United States District Court, S.D. New York
Sep 6, 2023
16 CV 8605 (LAP) (S.D.N.Y. Sep. 6, 2023)

Opinion

16 CV 8605 (LAP)

09-06-2023

BAINBRIDGE FUND LTD., Plaintiff, v. THE REPUBLIC OF ARGENTINA, Defendant.


MEMORANDUM & ORDER

LORETTA A. PRESKA, SENIOR UNITED STATES DISTRICT JUDGE

Plaintiff Bainbridge Fund Ltd. (“Bainbridge”) brought suit against the Republic of Argentina (“Argentina” or the “Republic”) seeking to recover amounts due as a result of the Republic's default on certain global debt securities. Bainbridge moved for summary judgment in May 2020. (See dkt. nos. 28-31.) On December 1, 2020, on consent of the Republic, the Court granted summary judgment to Bainbridge on its claim to relief with respect to the “US040114GG96 Bonds,” which is governed by the 1994 Fiscal Agency Agreement (the “FAA”). (Dkt. no. 40.) Consistent with that order, the Court entered judgment against the Republic in the amount of $95,424,899.38, comprising principal and interest owed on the bonds through December 1, 2020. (Dkt. no. 41. (the “Judgment”).)

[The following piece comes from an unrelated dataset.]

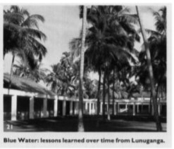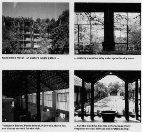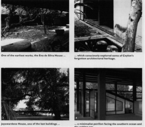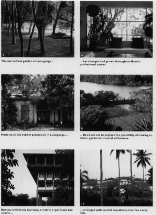 The town house, in contrast, is an introspective assemblage of courtyards, verandahs and loggias, created by knocking together four tiny bungalows and adding a white entry tower that peers like a periscope across neighbouring rooftops towards the distant ocean. It is a haven of peace, an infinite garden of the mind, locked away within a busy and increasingly hostile city. Throughout its long and colourful history Sri Lanka has been subjected to strong outside influences from its Indian neighbours, from Arab traders and from European colonists, and it has always succeeded in translating these elements into something new but intrinsically Sri Lankan. Bawa has continued this tradition. His architecture is a subtle blend of modernity and tradition, East and West, formal and picturesque; he has broken down the artificial segregation of inside and outside, building and landscape; he has drawn on tradition to create an architecture that is fitting to its place, and he has also used his vast knowledge of the modern w orld to create an architecture that is of its time.
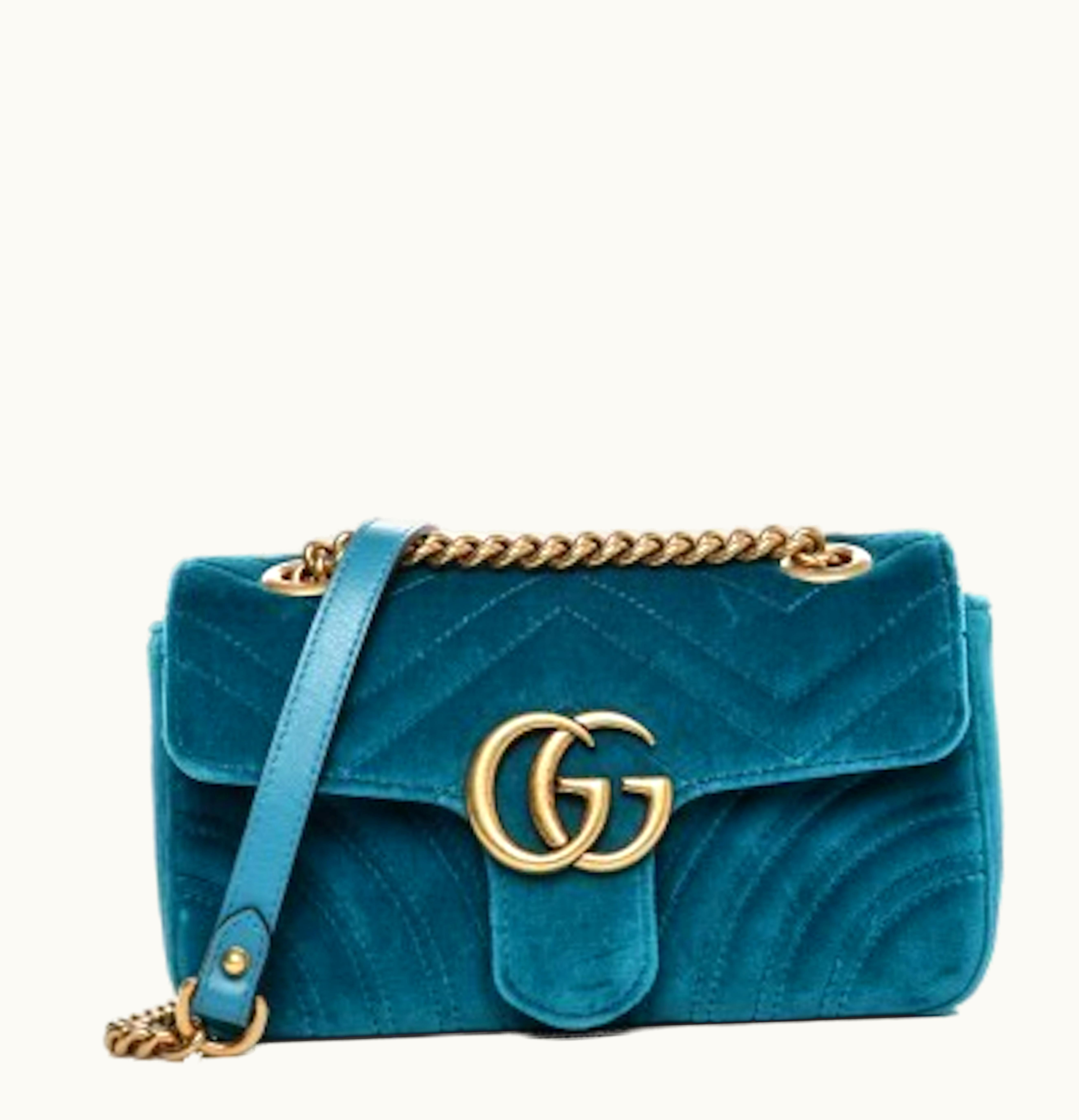 Gucci Matellase GG Marmont Mini Velvet Petrol Blue | GLINT

According to Bainbridge, and not disputed by the Republic, Bainbridge has attempted to collect on the judgement but has not met with success. (Dkt. no. 53-3.) Thus, Bainbridge moves pursuant to FRCP 69(a)(1) and NY CPLR 5225(a) for an order compelling the Republic to turnover foreign assets sufficient to satisfy the judgment against it. (Dkt. nos. 51-53.)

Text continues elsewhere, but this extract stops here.